В первой половине творчества, с 1852 по 1860 год — год смерти любимого брата Николая, первой смерти, которую Толстому пришлось встретить лицом к лицу и которая в жизни его и в творчестве имела значенье решающего перелома, — смерть встречается у него в каждом почти рассказе, как нечто неотвратимое, но еще не осознанное душою и не порождающее того мистического ужаса, которым дышит ‘Смерть Ивана Ильича’, этот апофеоз неизбежности у Толстого. Умирают maman и Наталья Савишна в ‘Детстве’, бабушка в ‘Отрочестве’, застреливается герой ‘Записок маркера’, в ‘Трех смертях’ умирают барыня, ямщик и дерево, в ‘Казаках’ — абрек, в ‘Севастопольских рассказах’ гибнут один за другим почти все герои, наконец, вешается Поликушка и зарезывают Холстомера. Но во всех этих спокойных описаниях совершенно отсутствует страх смерти, а кончина Натальи Савишны, гибель дерева и смерть абрека изумительной красотой своей вызывают в читателях умиление и восторг как художественные образы, подчиненные извечному творческому закону. Совсем иное отношение к смерти замечается в сочинениях второго периода (1861—1881 гг.), начинающегося тотчас после кончины брата, когда впервые почуявший глубину и ужас уничтожения художник сознательно пытался высвободиться из железных его оков. ‘Война и мир’ и ‘Анна Каренина’ — две исполинские ширмы, которыми пробует Толстой отгородиться от неизбежной смерти. Здесь поэт борется со смертным человеком и силы их еще равны. Как ни мрачны картины смерти в обоих романах, все же они блекнут и теряются перед светлым торжеством жизни, любви, здоровья и семейного счастья. Зато в произведениях последних тридцати лет испуганный художник, опустив бессильно кисть и палитру, окончательно порабощается человеку, который тщетно хочет во что бы то ни стало оправдать смерть, доводами бедного человеческого разума стремясь пересилить ее ужас [Замечательно при этом, что все, что с неимоверными муравьиными усилиями сооружает человек, художник в минуты прозрения сам разрушает одним взмахом кисти (‘Смерть Ивана Ильича’).]. И чем дольше живет Толстой, тем чаще все говорит он о смерти и громче и настойчивей проповедует о ее бессилии, желая упорно уверить в нем себя и других.
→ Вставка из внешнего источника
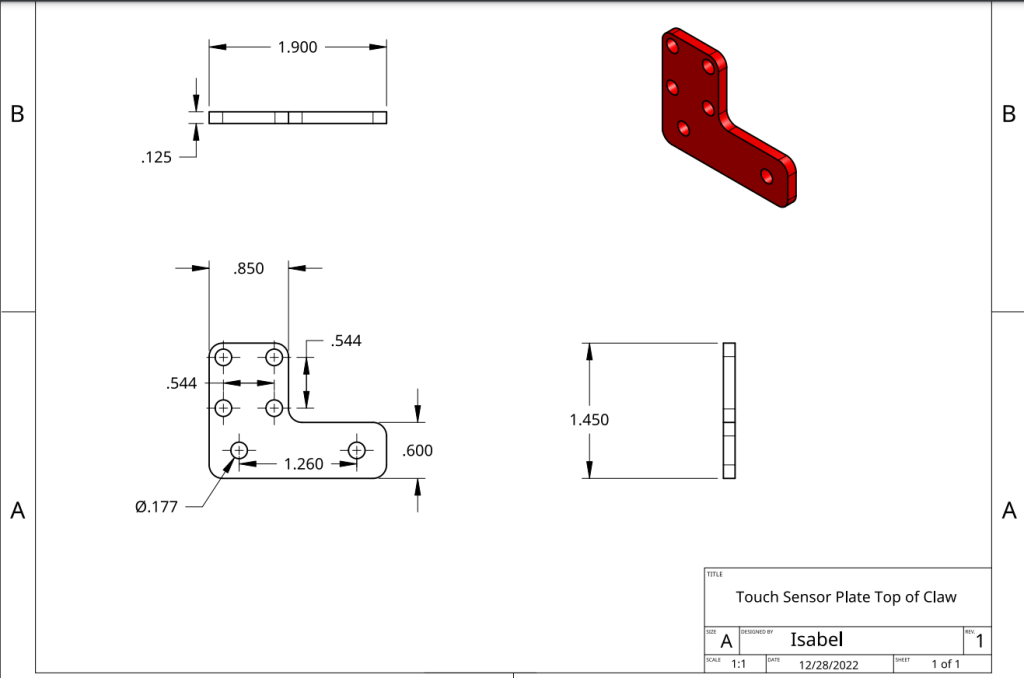We use the Touch Sensor Plate to attach a touch sensor at the top of our claw. This lets us know when the claw has reached the top and stops it from going too far.
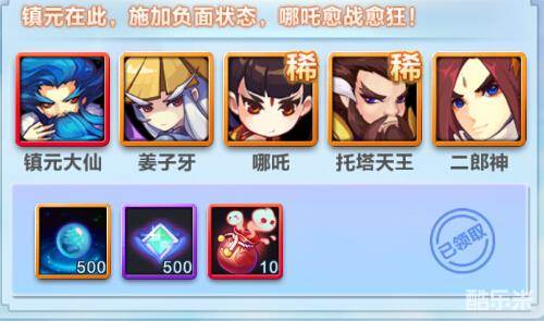 稀有(1级)奖励为高级锻造石*100,突破丹*200与法宝精炼石*300;红卡(50级)阵容奖励为飞升丹*500,神玉*500与红色魂魄袋*10
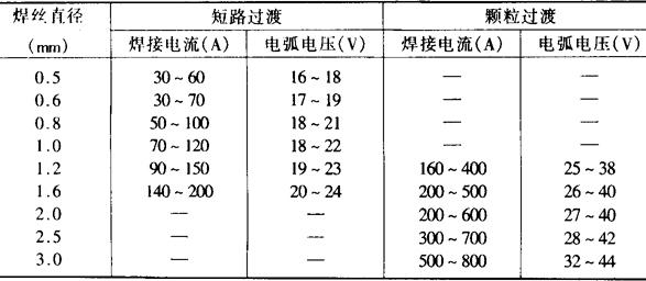 2.焊接电流和电弧电压的选择 CO2焊、焊接电流、电弧电压选择适当,很好配合,才能获得所需要的熔滴过渡形式、稳定的工艺过程和希望的焊缝性能。若焊接电流和电弧电压配合不当,电弧电压过低会造成焊丝插入熔池短路而中断焊接过程。若电弧电压过高则破坏短路过渡或潜弧过渡形式,转为明弧滴状过渡,使飞溅增大、焊接过程不稳。 (1)不同焊丝直径CO2焊常用焊接电流和电弧电压范围见表5-48。 表5-48 不同焊丝直径CO2焊对应的焊接电流和电弧电压
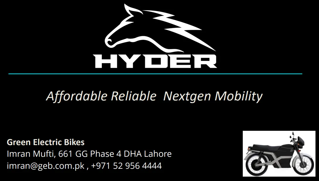 Green Electrical Bikes (GEB), a company incorporated in Pakistan by the owners of SAE Mobility LLC Texas USA, with the mission of minimizing the problem of noise and air pollution, and reducing the burden of excessive fuel prices on daily commuters for the Pakistani market. These bikes shall help with Zero CO2 emissions, reduction in financial impact due to reduction in fuel imports, and Up to 80% reduction in operational costs.
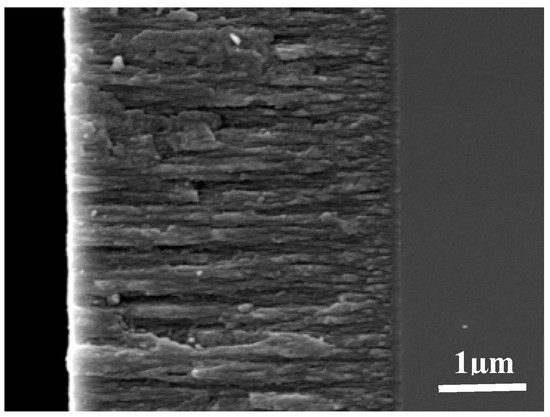 Figure 5 shows a cross-sectional SEM image of the Si-DLC coating deposited on a Si wafer, revealing its columnar upward growth. During deposition, the morphology of the Si-DLC coating is primarily governed by the migration of adsorbed atoms. In this study, the Si-DLC coatings were deposited using cage-shaped hollow cathode technology. Here, the limited potential difference (10–20 eV) [28] between the specimens and the surrounding plasma restricts adatom mobility, resulting in coarse columnar microstructures. As depicted in Figure 5, the coating thickness was approximately 3 μm after 30 min deposition, corresponding to a deposition rate of approximately 6 μm/h.
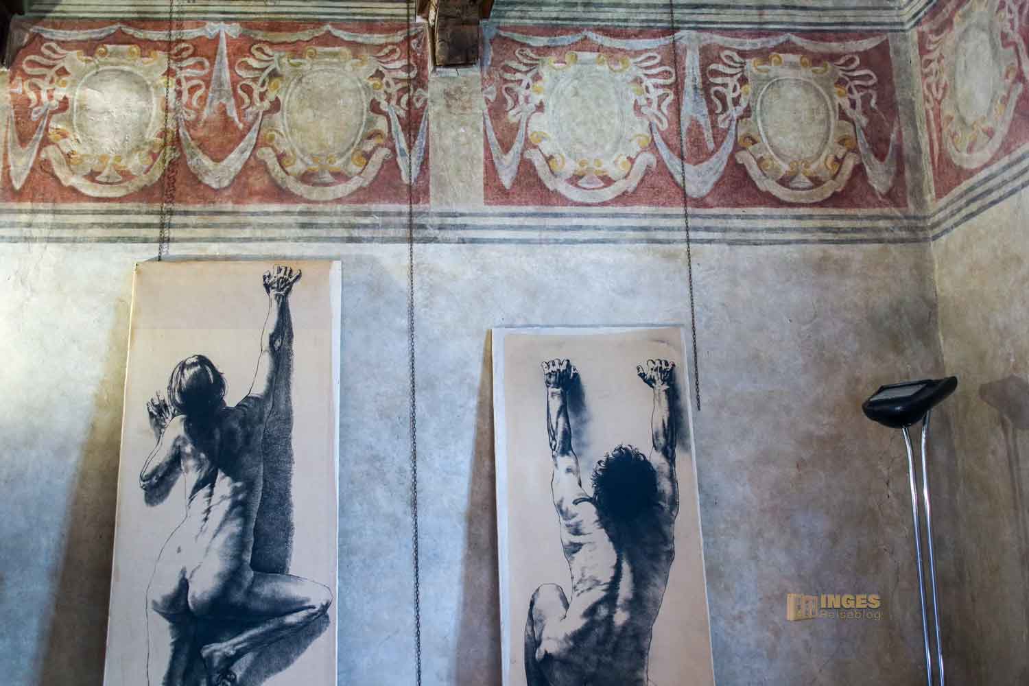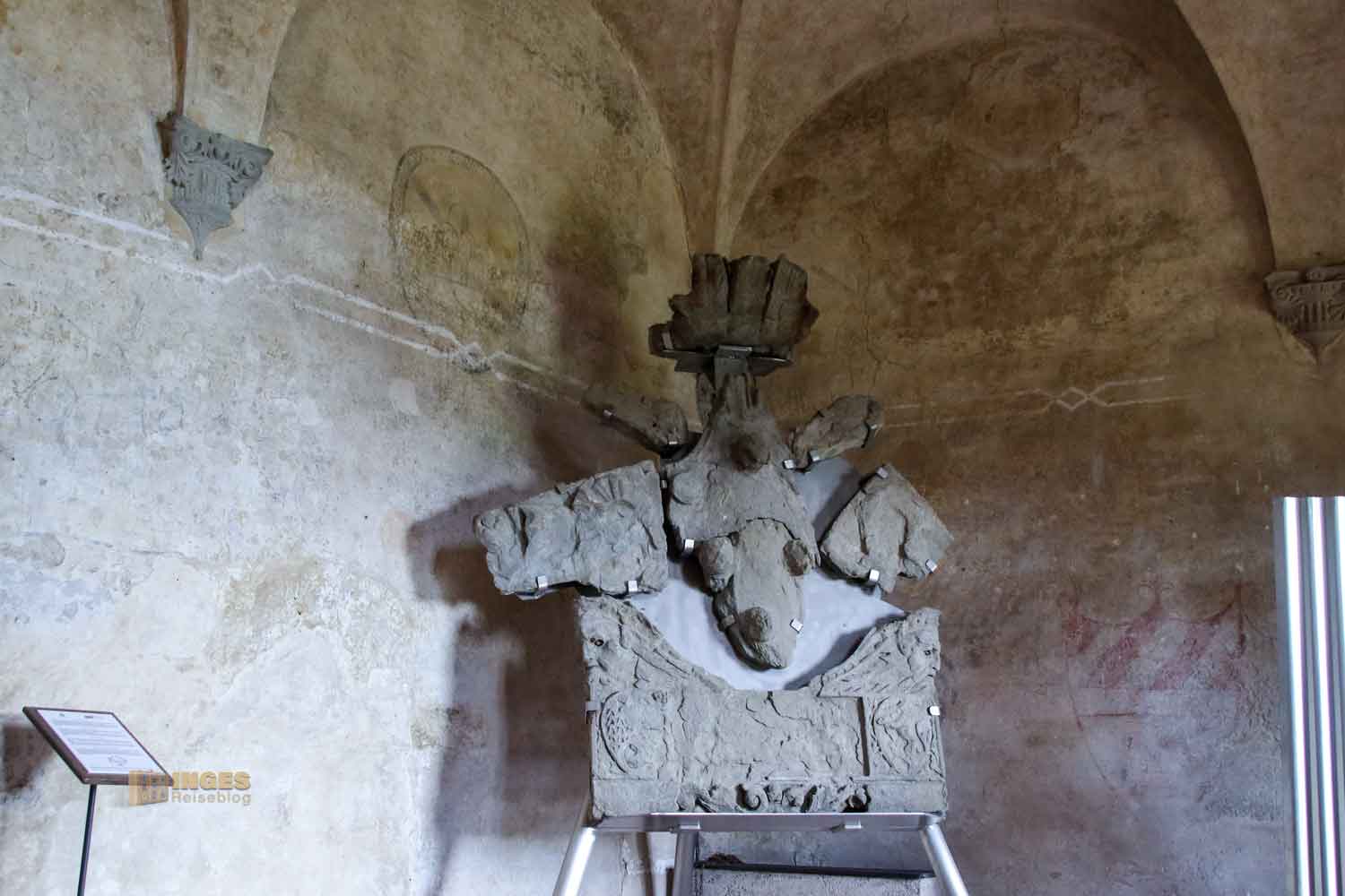 fort. Denn irgendwo musste der ja auch wohnen, samt Dienerschaft. Spuren von Fresken, mal mehr, mal weniger gut erhalten sind an den Wänden zu sehen. Die Räume werden für Ausstellungen genutzt.

Отношение к смерти у разных людей различно. Для иных не столько ужасна самая смерть, сколько смертный страх. Все люди без исключения признают смерть явлением неизбежным и заранее мирятся с ее ударом, но смертный страх испытывают не все. Людям средним, наиболее приспособленным к жизни и составляющим главную толщу человечества, страх этот неизвестен: его заглушают день за днем житейские мелкие заботы, а инстинктивная живучесть изгоняет самую мысль о возможности небытия. Последнее кажется столь очевидной нелепостью, что человек до последней минуты не верит в свою смерть. Напротив, люди, шагнувшие за грань обычной ‘нормальной’ жизни, заглянувшие по ту сторону ее и оттого утратившие душевное равновесие, подвержены чаще всего неодолимому страху смерти. Таковы почти все таланты, эта совершенная порода смертных людей, обладающих высшим духовным даром. Кажется, сама жизнь, допустив человека заглянуть на мгновение в свою тайну, взамен навсегда лишает его спокойствия. Отличительная черта всякого художественного таланта — его смущение перед загадкой вечности, отягощающей его крылья. Не таковы гении, изредка среди нас проходят они, спокойные, бесстрашные, будто созданные из несокрушимого вековечного металла, от природы чужда им смятенность смертных, и оттого, при жизни его, не узнаём мы гения, смешиваем гостя земли со своими братьями, нездешнее спокойствие полубога принимаем за бесчувственность человека. Талант для нас всегда ближе, понятней и роднее гения: талант такой же смертный, как и мы, — а гений живет и умирает без смерти, то есть не зная ее и не ощущая в душе мучительного смятения, вот почему он чужд нам, как существо действительно бессмертное, вылетевшее сюда из другого мира, с другой планеты. Отсюда вечное фатальное одиночество гения, которому просто скучно среди смертных. Вернее всего познается гений в отношении своем к смерти. Можно наверное утверждать, что Пушкин смертного страха не понимал: он был ему от природы недоступен.
Гений за секунду до конца творит, повинуясь высшему закону бессмертия, в то время как смертный, объятый несказанным ужасом, забывает обо всем и воет безумно навстречу хаосу.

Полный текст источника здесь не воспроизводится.